Exciton dynamics in ring-like photosynthetic light-harvesting complexes: a hopping model

Abstract

Excitation localization and dynamics in circular molecular aggregates is considered. It is shown that the Anderson localization of the excitons is taking place even in the finite size of the ring-type systems containing tens of pigments in the case of comparable values of the spectral inhomogeneity and of the intermolecular resonance interaction.
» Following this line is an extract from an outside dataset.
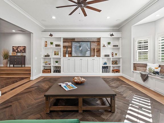 The spacious open floor plan is perfect for both relaxed living and entertaining. Gourmet kitchen, equipped with high-end stainless steel appliances, flows seamlessly into the living room, while the formal dining area & den provide additional space for gatherings. The primary suite is a luxurious retreat, boasting a walk-in closet, a soaking tub, & dual shower.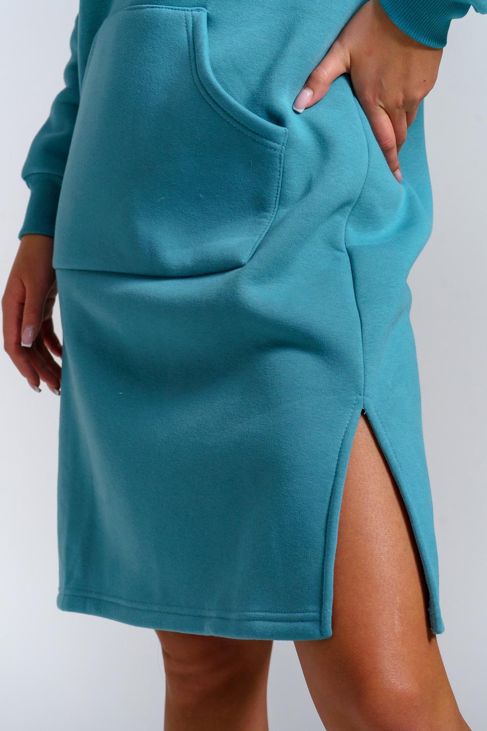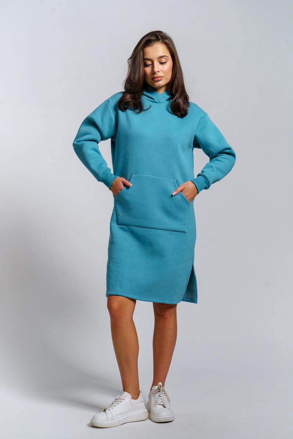 Платье женское утепленное с двойным капюшоном и накладным карманом. Манжеты выполнены из кашкорсе, в боковых швах по низу изделия разрезы.

The second type of localization comes from the dynamical disorder caused by exciton interactions with environment fluctuations. Because of these two reasons the hopping type migration of the small-size excitons is postulated to be responsible for the excitation dynamics in this kind of systems. This process is considered for the ensemble of independent rings and for the array of the interacting rings by means of Monte Carlo simulations. The intra-ring and inter-ring energy disorder with possible correlations is accepted in simulations performed for the cases of high and low temperatures. It is shown that for the typical parameters of the peripheral light-harvesting pigment-protein complexes LH2 of photosynthetic bacteria the excitation population reaches equilibrium within 1 ps in the case of the disconnected rings at nonselective excitation conditions, while equilibration on longer time scale is taking place in the system of connected rings. This nonexponential relaxation kinetics is observed at room temperature and is more pronounced by lowering the temperature. In the case of selective excitation the equilibration process is wavelength dependent for the disconnected rings at room temperature and becomes more pronounced by lowering the temperature. The wavelength dependence is resulted from the interplay between exciton population redistribution among pigments and the population, which stucks in the most red pigments.